Goal of the exercise: Having located the line with "Personal Data Files", print it and each remaining line exactly, stopping at the end of the material and omitting pictures.

Available data:

··········

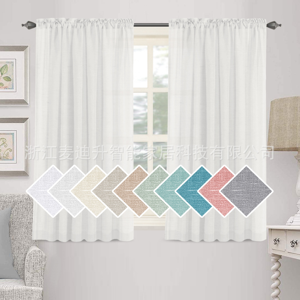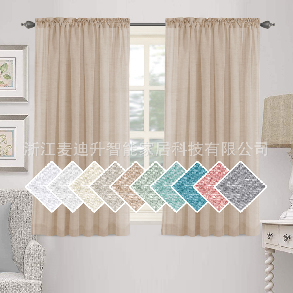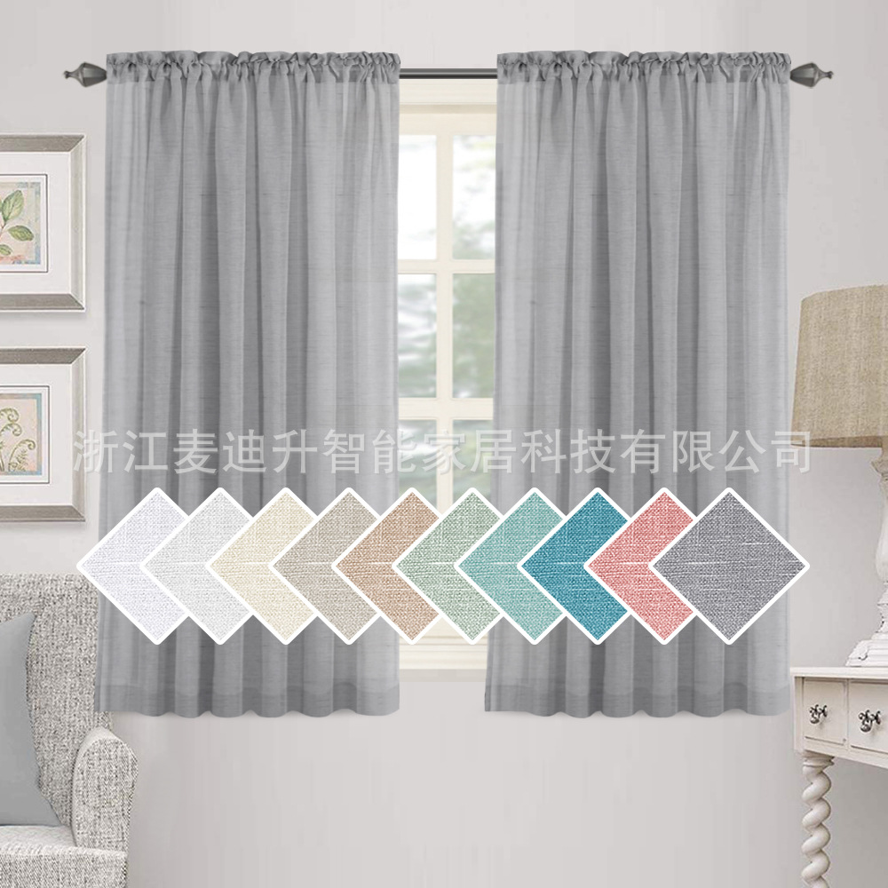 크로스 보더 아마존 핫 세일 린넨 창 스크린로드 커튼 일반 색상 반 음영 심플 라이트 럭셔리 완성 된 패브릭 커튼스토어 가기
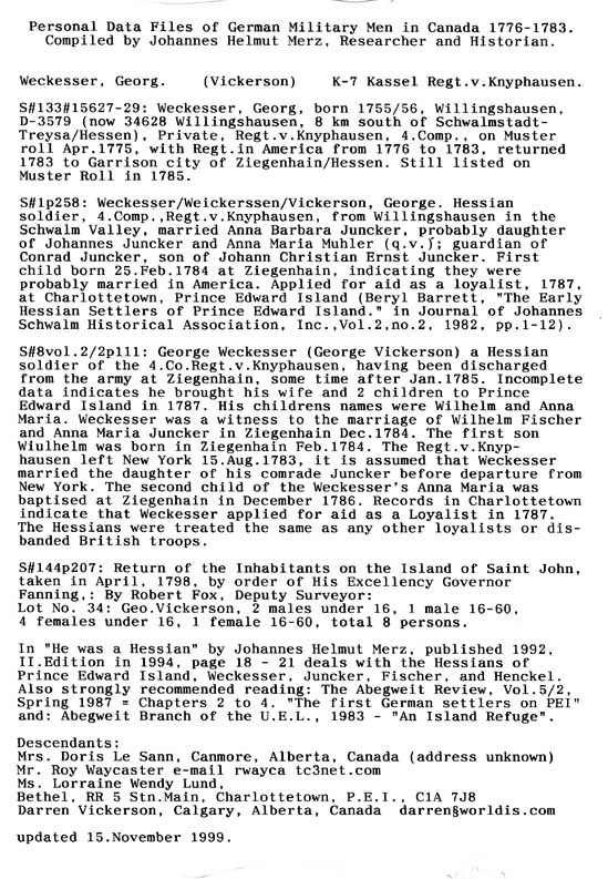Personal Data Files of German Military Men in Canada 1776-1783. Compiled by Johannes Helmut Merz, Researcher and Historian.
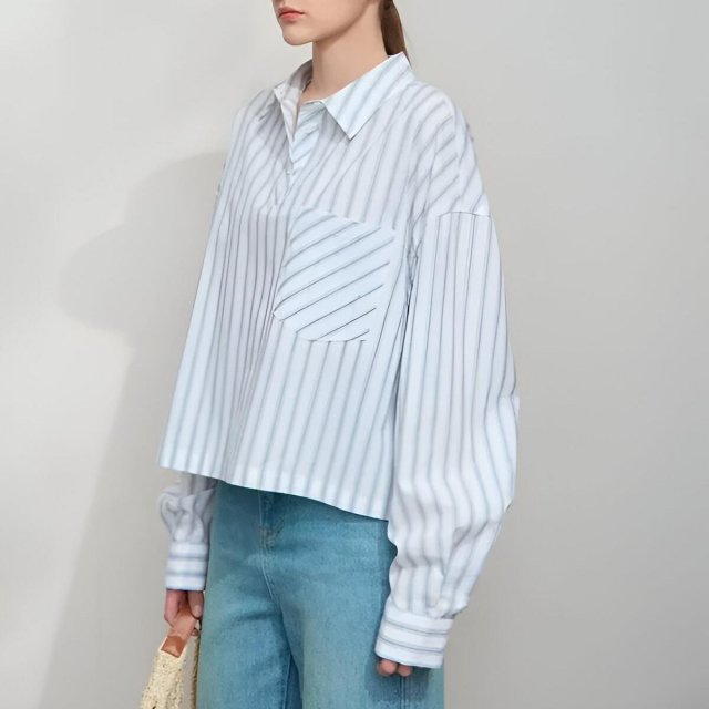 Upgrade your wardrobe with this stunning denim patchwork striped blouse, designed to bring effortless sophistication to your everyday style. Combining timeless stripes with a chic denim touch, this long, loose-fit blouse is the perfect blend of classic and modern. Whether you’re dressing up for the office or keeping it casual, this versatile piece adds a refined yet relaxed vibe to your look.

··········

Your response:
Personal Data Files of German Military Men in Canada 1776-1783. Compiled by Johannes Helmut Merz, Researcher and Historian.
 Upgrade your wardrobe with this stunning denim patchwork striped blouse, designed to bring effortless sophistication to your everyday style. Combining timeless stripes with a chic denim touch, this long, loose-fit blouse is the perfect blend of classic and modern. Whether you’re dressing up for the office or keeping it casual, this versatile piece adds a refined yet relaxed vibe to your look.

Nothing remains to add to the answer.